In one moment…

Yesterday, it was beautiful here. A rare 75-degree March day which included abundant sunshine, until the thunderstorms went through later in the day. Fully taking advantage of the day and our newfound freedom from renovations, we went for an 11-mile bike ride near our house. The route is a small gradual uphill followed by a return home that is pretty much downhill. As we were riding back down the hill, wind blowing somewhat through our hair (through the bike helmets), the sun shining, the ride now easy, I looked at my husband and grinned.

“This is what I want retirement to look like,” I said. And in that one moment, our future lives crystalized for me.

When I took a three-month sabbatical in 2024, I was exhausted and still had the work “twitches” of anxiety, fear and stress with me. I was anxious that I would not eventually find work again, fearful of wasting opportunity and resources and stressed about what the future held. As a result? I loved the sabbatical but was also ready to “get back to work” at the end of it.

Fast forward just 18 months and life looks and feels differently. I’m less fearful for one and I’ve been away from the high-pressure demands of being a corporate/employed consultant long enough that I now value all of my life differently. More than that? I am starting to recognize that we can live on a lot less than what we do now. That knowledge – or power, as I think of it – fuels my confidence and eases my anxiety. Are we fully ready to retire? Umm, no. We need to save just a little more and we need to wrap up some big things professionally. But just like you get ready for a new job, a new home or even a vacation, I can feel both of us getting ready for retirement.

I truly believe we are on the big wind down and it’s likely going to take us two years to get there. Well, actually a bit over two years… I want to target May 1st, 2028. That would have us winding up our professional lives just before summer breaks wide open. It also corresponds to when my sister will be retiring and my other sister should already be there. In two years, there’s a lot I want to get ready, including having the cash on hand so we don’t need to draw off of retirement and planning for health insurance until we’re Medicare eligible. (Medicare for all, anyone? Asking for my own self-interest. 😊)

But those are just the super practical and financial things. What I really want to think about getting ready are the not-so-practical-but-vitally-important lifestyle decisions. I want us to define the things we will do in retirement. It’s not just about summer bike rides or winter cross-country skiing. It has to be more. We need to keep rebuilding friendships, keep exploring areas of the world we want to visit, keep defining books we want to read, plants we want to grow, creative projects we want to pursue… the list could go on.

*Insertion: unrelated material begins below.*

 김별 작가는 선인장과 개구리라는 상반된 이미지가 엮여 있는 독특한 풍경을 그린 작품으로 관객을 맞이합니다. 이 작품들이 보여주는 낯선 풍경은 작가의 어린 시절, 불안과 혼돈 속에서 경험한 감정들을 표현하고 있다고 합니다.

In the end, the practical/financial stuff matters a great deal, but the lifestyle preparation is likely even more vital. Understanding and building for that future is a monumental task. Too many people enter retirement unprepared and either get sedentary and turn on the television or get lost and go back to work for something to do. I don’t want that to be us.

Instead, I want retirement to be that process of rediscovering ourselves and our interests. I want to have the energy and mobility to do the things we love. I want to learn without the pressure of having to apply that learning as part of a trade. I want to read for fun.

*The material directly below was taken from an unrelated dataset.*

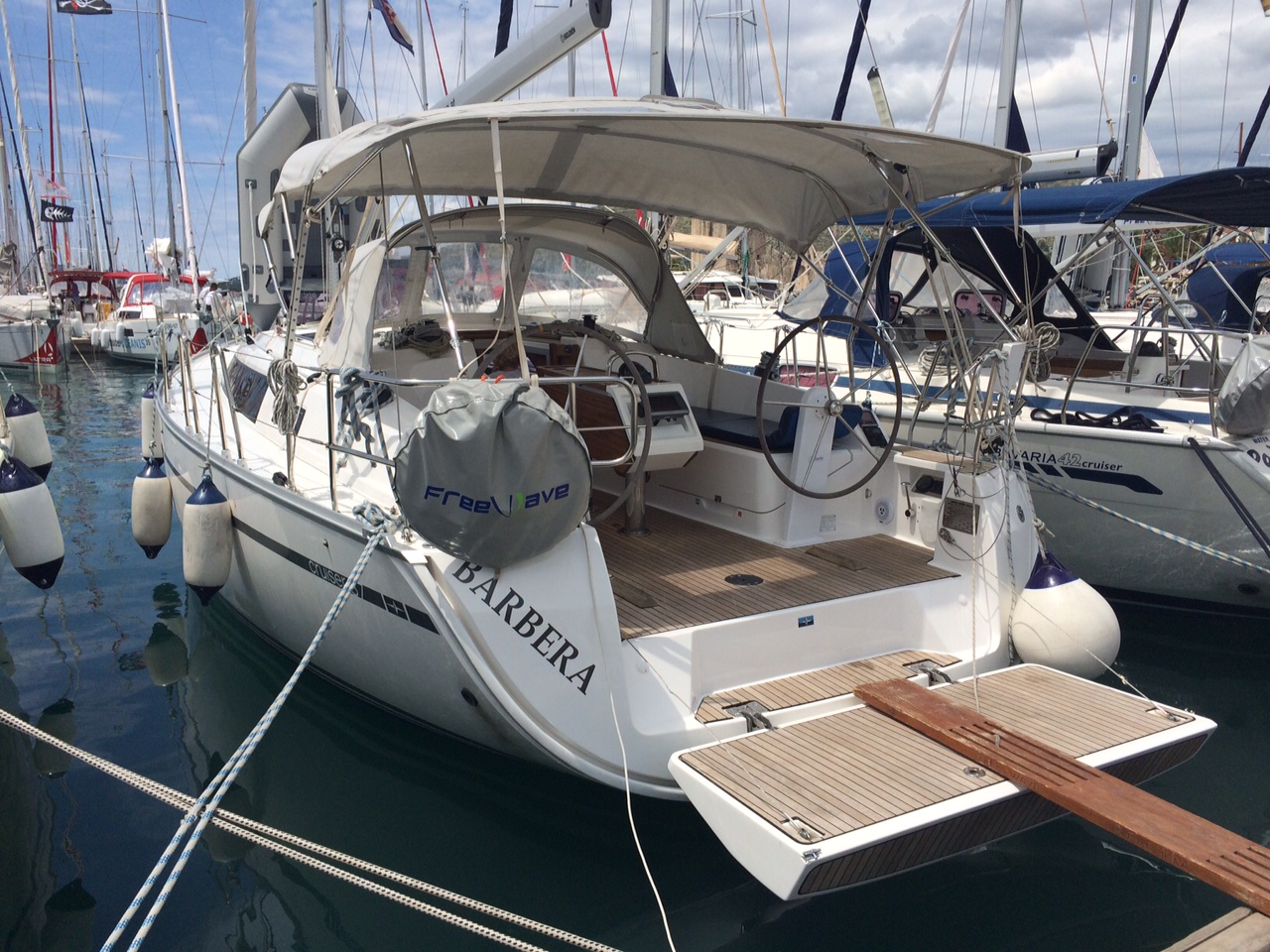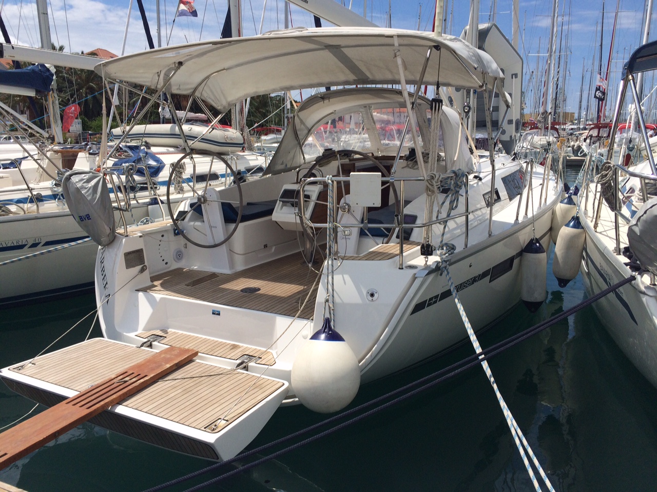 | Outside | Anker mit Kette, Biminitop, Bootshaken, Cockpitdusche, Cockpitlautsprecher, Cockpitpolster, Cockpittisch, Deckbürste, Dieselkanister , elektr. Ankerwinsch, Fender, Festmacherleinen, Gangway, Kugelfender, Sprayhood, Wasserkanister , Wasserschlauch, Winschen |

And yes, I want days to stretch out endlessly so that one rainy or snowy morning doesn’t mean vitally missed opportunities. I want time to be our friend where we can pick a day – any day – and simply do. I want Sundays to be just another ordinary day and not a day to get ready for the week and I want Mondays to no longer feel like a burden.

In one moment, I had this perfect clarity of where I want to go. I’ve been working so hard on how we will get there that I had lost that vision. Now? I can see it more clearly than I have in awhile. I also realize that I am more ready for retirement than I ever have been and that’s a good thing. As I look forward, there are only two more summers of work. Two more autumns where we will be picking up leaves and I’ll be hustling for contracts. Just two more winters where we will need to squeeze in shoveling around client meetings.

What lies ahead? I am hopeful that it brings so much promise. More than ever, though, I recognize that for that promise to be realized, we have to be prepared. Challenge accepted.